The legend of the steel-driving Black man came from a worker in the Great Bend Tunnel in 1874. John Henry was a prime physical specimen who pounded steel pilings through solid rock with a 10-pound hammer in each hand. The contractor decided to try steam-powered machines to drive the pilings. John Henry challenged the machine and drove steel through 14 feet of rock while the steam machine only drove nine. But John Henry died of exhaustion after his challenge. That’s why this study about life expectancy is named the John Henryism Theory.

Pete Seeger wrote the “Ballad of John Henry,” which has been sung by male singers with powerful bass voices. I prefer the Johnny Cash and Tennessee Ford versions. The legend lives on in one line when John Henry tells the captain of industry: “You are nothing but a common man/ before that steam drill shall beat me down/I’ll die with a hammer in my hand.”

Why do Black players dominate the NBA, NFL and most track events in the U.S.?
Blacks are taller, faster, have better coordination, faster reactions and can jump higher than Whites. They dominate amateur and professional sports that require, size, speed, athletic ability, quick reactions, intelligence – and the ability to jump.
We are all human. What are the reasons for the development? People have been fired for telling the truth. researchers have different answers for the question of why it’s true in some sports.
Back in 1987 before American Blacks were replaced in baseball by Latin American Hispanics, I was watching Al Campanis, an executive with the Los Angeles Dodgers, try to answer a tough question from Ted Koppel on national television: “Why are Black players beginning to dominate Major League baseball?”

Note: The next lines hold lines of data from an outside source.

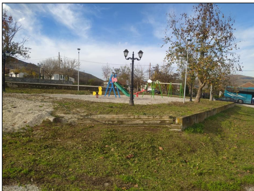
Φωτογραφία 5: Παιδική χαρά Αγίου Δημητρίου

Για τον οικισμό του Αγίου Δημητρίου οι προτεινόμενες παρεμβάσεις περιλαμβάνουν την κατασκευή περιμετρικού πεζοδρομίου στο οικοδομικό τετράγωνο που βρίσκεται η πλατεία και η παιδική χαρά με ράμπες πρόσβασης ΑμεΑ σε όλα τα επίπεδα (3 ράμπες συνολικά). Επιπρόσθετα, προτείνεται η κατασκευή πεζοδρομίου νότια και δυτικά του κτιρίου του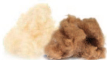
Wildseide / Kamel flaumhaar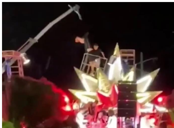
Figura 12. Secuencia del desprendimiento de la guindola (editado por la fuente periodística).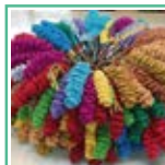
在日台湾原住民 連合会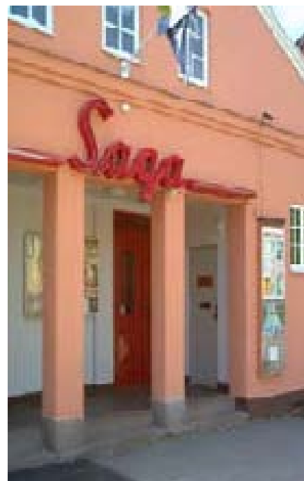
Sagabiografen i Vetlanda

De sjöng den alltid på sina världsturneèer.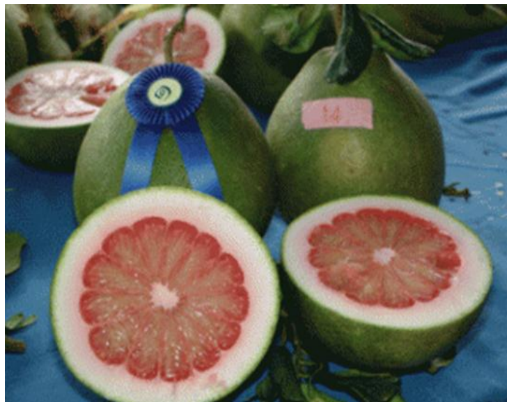
ภาพประกอบที่ 1 ส้มโอหอมควนลัง เมื่อผ่าซีกนำรับประทาน (ขณะการประกวด)

ส้มโอหอมควนลัง เป็นส้มโอพันธุ์ดี มีถิ่นกำเนิดและปลูกกันมากในเขตตำบลควนลังมาช้านาน แต่ในระยะหลังจนถึงปัจจุบัน การปลูกส้มโอหอมควนลังลดน้อยลง ในขณะที่คุณค่าทางเศรษฐกิจและความต้องการผลผลิตของการตลาดเพิ่มสูงขึ้น เกษตรกรและประชาชนที่สนใจ ต้องการและเรียกร้องให้มีการฟื้นฟูและพัฒนาการผลิตส้มโอหอมควนลัง เพื่อเป็นการพัฒนาอาชีพและยกระดับรายได้เกษตรกรและประชาชนของเทศบาลเมืองควนลังให้ดีขึ้น

Poor Al stumbled around and finally said: “Perhaps it’s because Black slaves were selected for breeding because of size, strength and physical ability.”
Al was quickly fired for being a racist. I think he was telling the truth. Medical authorities have tried to answer the question by citing genes, environment and training. I think Al was right.
I watch college basketball all winter because I love the competitiveness of the game. I played eight years of high school and college football and baseball – but only intramural basketball.
The young Black basketballers are the best amateur athletes in the world. They can dribble, pass, shoot the ball, jump high and run fast. The best college teams have a strong majority of Black players. Of 10 players on the court, eight are probably Black. The White Midwest Big Ten best teams will often square off with 10 Blacks on the court.

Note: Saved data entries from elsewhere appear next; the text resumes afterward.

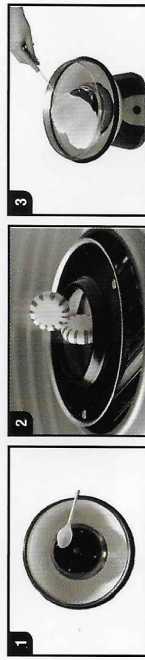
Geben Sie Zucker in den Abzugbehälter.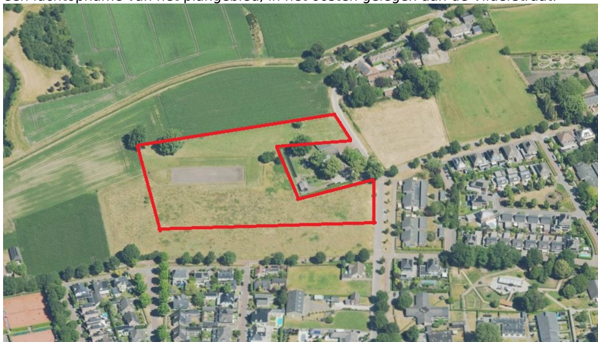
Afbeelding 1: luchtopname van het plangebied, het plangebied rood omlijnd.

Het college wil meewerken aan een bestemmingsplanherziening om de bouw van twee vrijstaande woningen aan de Vilderstraat mogelijk te maken. Aan beide zijden van de bestaande woning aan de Vilderstraat wordt één nieuwe woning mogelijk gemaakt, het achterliggende deel krijgt een natuurbestemming. Het plangebied ligt in het landelijk gebied, dat betekent dat een investering in de omgevingskwaliteit vereist is. Dit wordt zoveel mogelijk lokaal ingevuld: het achterliggende gebied wordt openbaar toegankelijk en krijgt een groene bestemming. Dit gebied wordt groen ingericht met streekeigen beplanting, en vormt daarmee een eerste stap richting het door de gemeente gewenste groene uitloopgebied ten noorden van Oerle. Afbeelding 1 toont een luchtopname van het plangebied, in het oosten gelegen aan de Vilderstraat.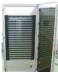
【細菌検査システム開発 プロジェクト】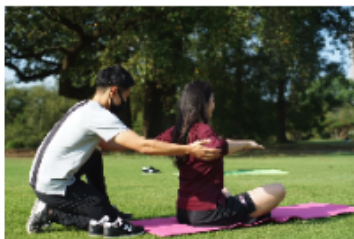
パーソナルストレッチ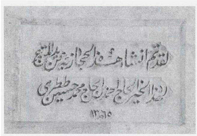
Resim 5: Hicaziyenin Kitabesi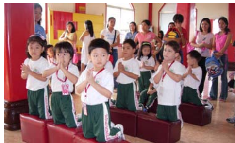
多虔誠的小香客！天真無邪的兒童們跪在聖像前祈禱，祈求神明保佑自己健康成長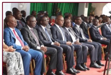
Les membres de l'administration du Sénat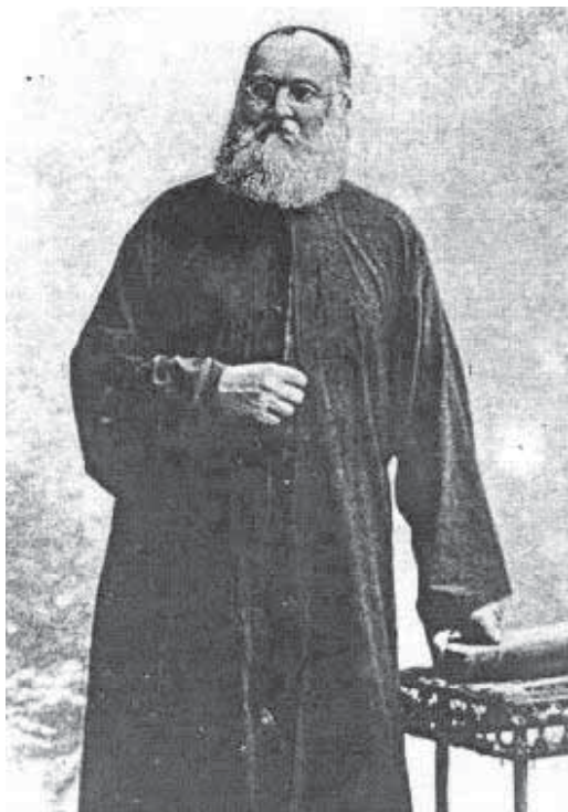
Мал. 4. Іраклій Порумбеску.

Константин Мораріу (1854–1927), Василій Томка, Димітрій Дан (1856–1927), Іраклій Порумбеску (1823–1896) (мал. 4), Ісидор Ончул (1834–1897), Штефан Репта (1834–1897), Анімпадист Дашкевич, Йозеф Флейшер (1857–1900), К. Мораріу (мал. 5), Віктор Преміж, Димітрій Ісопеску (1839–1901), Ф. Вікенгаузер, Франц Логес (1864–1914), Сіміон Флоря Маріан (1847–1907). Не останню роль відіграв і відомий тогочасний колекціонер археологічних знахідок на Буковині Д. Олінеску. Варто також зазнача-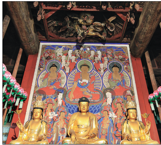
안쪽 벽화위 화려한 단집이 돋보이는 보광전 내부

In the Olympics, usually the 10 fastest dash and hurdles men and women are Black. In one Olympics, the fastest 10 men and women were all descendants of slaves.
Here are critical facts of numbers of Black players in pro sports:
(1) NFL – 78%,
(2) NBA – 84%,
(3) MLB – 8%,
PGA – 9.5%,
Tennis – 6%,
NHL – 7%.
In Major League baseball, Hispanics from Latin America now dominate with 58%.
Very few Blacks make Olympic swim teams, pro golf or pro tennis because Black families can’t afford to own shares or belong to country clubs with tennis courts, golf courses and swimming pools.
Please notice only 7% of pro hockey players are Black. Ice time and equipment is rather expensive. Cement basketball courts and grass soccer and football fields are usually built by school or park districts.
Economic inequality, never mentioned by President Joe-it’s-no-joke Biden, still dominates our society.